At 19, Chase Doucet was handsome and popular, just out of high school and planning to become an electrician. But on July 19, 2003, Doucet crashed his pickup into an oak tree on his way home from a bar in his town of Gulfport, Miss., and died instantly. Like one-third of the teenage drivers killed that year, he'd been drinking. "I told him many times to call me if he was in a situation like that," says his mother, Cherie Bates, 42, a nurse. "I still don't understand why he didn't."

Mallory Jones has a hunch. "Most kids don't want to call their parents" in that situation, she says. "That's just the truth." A friend of Doucet's devastated by his death, Jones, now 18 and a Gulfport High School senior on track to be valedictorian, channeled her grief into action.
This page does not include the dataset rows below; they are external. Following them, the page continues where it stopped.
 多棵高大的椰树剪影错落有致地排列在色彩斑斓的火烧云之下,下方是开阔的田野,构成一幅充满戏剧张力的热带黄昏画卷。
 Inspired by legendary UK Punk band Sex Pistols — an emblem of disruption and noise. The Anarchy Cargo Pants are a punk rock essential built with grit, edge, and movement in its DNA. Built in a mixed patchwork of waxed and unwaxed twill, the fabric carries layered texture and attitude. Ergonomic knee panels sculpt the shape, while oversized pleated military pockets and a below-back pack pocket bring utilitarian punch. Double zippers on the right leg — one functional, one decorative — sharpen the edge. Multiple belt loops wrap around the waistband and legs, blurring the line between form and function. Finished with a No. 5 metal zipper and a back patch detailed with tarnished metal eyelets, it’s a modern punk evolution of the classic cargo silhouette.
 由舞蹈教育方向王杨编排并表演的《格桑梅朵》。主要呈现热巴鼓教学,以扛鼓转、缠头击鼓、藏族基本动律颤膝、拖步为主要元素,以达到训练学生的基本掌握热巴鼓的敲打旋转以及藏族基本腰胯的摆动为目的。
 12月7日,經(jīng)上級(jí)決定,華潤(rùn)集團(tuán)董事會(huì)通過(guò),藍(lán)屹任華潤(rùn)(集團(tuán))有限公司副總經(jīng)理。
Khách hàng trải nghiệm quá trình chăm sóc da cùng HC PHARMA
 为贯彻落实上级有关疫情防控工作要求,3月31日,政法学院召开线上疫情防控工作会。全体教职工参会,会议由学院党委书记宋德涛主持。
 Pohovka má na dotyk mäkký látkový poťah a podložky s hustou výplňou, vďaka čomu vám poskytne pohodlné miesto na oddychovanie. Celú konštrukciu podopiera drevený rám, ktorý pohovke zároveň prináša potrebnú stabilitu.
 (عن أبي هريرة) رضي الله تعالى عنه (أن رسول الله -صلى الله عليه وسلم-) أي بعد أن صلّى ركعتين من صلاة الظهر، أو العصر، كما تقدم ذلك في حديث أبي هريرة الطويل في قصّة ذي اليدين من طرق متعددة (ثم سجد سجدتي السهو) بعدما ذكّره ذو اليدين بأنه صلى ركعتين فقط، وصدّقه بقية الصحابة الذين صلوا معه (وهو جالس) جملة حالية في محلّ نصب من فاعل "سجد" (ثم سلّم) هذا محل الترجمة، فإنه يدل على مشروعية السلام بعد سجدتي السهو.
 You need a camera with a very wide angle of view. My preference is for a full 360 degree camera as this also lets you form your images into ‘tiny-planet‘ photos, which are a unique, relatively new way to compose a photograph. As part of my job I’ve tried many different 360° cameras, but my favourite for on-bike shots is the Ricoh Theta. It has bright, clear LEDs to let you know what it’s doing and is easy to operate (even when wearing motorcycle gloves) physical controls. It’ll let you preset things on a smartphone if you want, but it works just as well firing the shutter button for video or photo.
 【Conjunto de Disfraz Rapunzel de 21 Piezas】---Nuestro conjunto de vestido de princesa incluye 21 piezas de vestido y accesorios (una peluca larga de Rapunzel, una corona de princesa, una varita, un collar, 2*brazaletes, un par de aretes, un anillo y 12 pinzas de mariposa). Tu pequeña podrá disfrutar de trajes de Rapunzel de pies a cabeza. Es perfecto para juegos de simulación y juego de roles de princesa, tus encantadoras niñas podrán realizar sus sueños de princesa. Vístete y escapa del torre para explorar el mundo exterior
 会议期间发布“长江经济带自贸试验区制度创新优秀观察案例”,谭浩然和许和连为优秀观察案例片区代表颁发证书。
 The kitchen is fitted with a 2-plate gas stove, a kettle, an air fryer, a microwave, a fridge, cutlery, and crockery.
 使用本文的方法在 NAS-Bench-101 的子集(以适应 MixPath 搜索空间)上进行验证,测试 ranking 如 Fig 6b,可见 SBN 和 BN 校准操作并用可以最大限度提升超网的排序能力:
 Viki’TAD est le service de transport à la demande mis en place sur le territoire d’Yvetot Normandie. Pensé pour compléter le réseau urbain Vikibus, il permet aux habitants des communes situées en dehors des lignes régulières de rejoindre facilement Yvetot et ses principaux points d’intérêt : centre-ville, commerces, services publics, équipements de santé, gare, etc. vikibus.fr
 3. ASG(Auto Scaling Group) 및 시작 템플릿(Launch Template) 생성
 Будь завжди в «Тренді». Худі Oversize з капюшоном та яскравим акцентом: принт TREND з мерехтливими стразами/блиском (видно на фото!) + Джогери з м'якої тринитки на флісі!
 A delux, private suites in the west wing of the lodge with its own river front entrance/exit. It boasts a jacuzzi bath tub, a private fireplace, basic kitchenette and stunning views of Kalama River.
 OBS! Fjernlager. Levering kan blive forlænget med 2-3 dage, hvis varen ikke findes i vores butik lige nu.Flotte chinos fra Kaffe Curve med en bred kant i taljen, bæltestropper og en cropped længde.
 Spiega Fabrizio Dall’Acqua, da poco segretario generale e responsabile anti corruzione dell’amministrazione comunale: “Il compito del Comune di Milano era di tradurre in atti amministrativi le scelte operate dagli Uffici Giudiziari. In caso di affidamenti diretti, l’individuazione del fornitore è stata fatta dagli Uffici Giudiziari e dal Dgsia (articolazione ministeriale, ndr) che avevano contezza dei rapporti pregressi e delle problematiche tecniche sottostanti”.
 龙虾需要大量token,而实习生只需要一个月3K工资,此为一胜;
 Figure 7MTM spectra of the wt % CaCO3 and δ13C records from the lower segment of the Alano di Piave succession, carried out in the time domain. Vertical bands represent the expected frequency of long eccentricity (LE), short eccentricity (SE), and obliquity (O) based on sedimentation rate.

She started a service that enlists students as designated drivers for teens who've been drinking, naming it BUSY: Businesses to Save Youth, Partly funded by local businesses, 30 volunteer Gulfport high schoolers have picked up 150 fellow students since last August. Parents are supportive and Principal Joel Myrick calls it a "wonderful program." But critics, including Mothers Against Drunk Driving, argue that BUSY tacitly condones underage drinking. "It's illegal—kids should wait," says MADD spokeswoman Misty Moyse.

To Jones—whose parents, Terri, a dentist, and Malcolm, an attorney, are fans of the group—it's a matter of pragmatism. "The majority of high school teens drink," she says. Occasionally, Jones admits, she's one of them, though she probably wouldn't dial up BUSY: "I'd call my parents."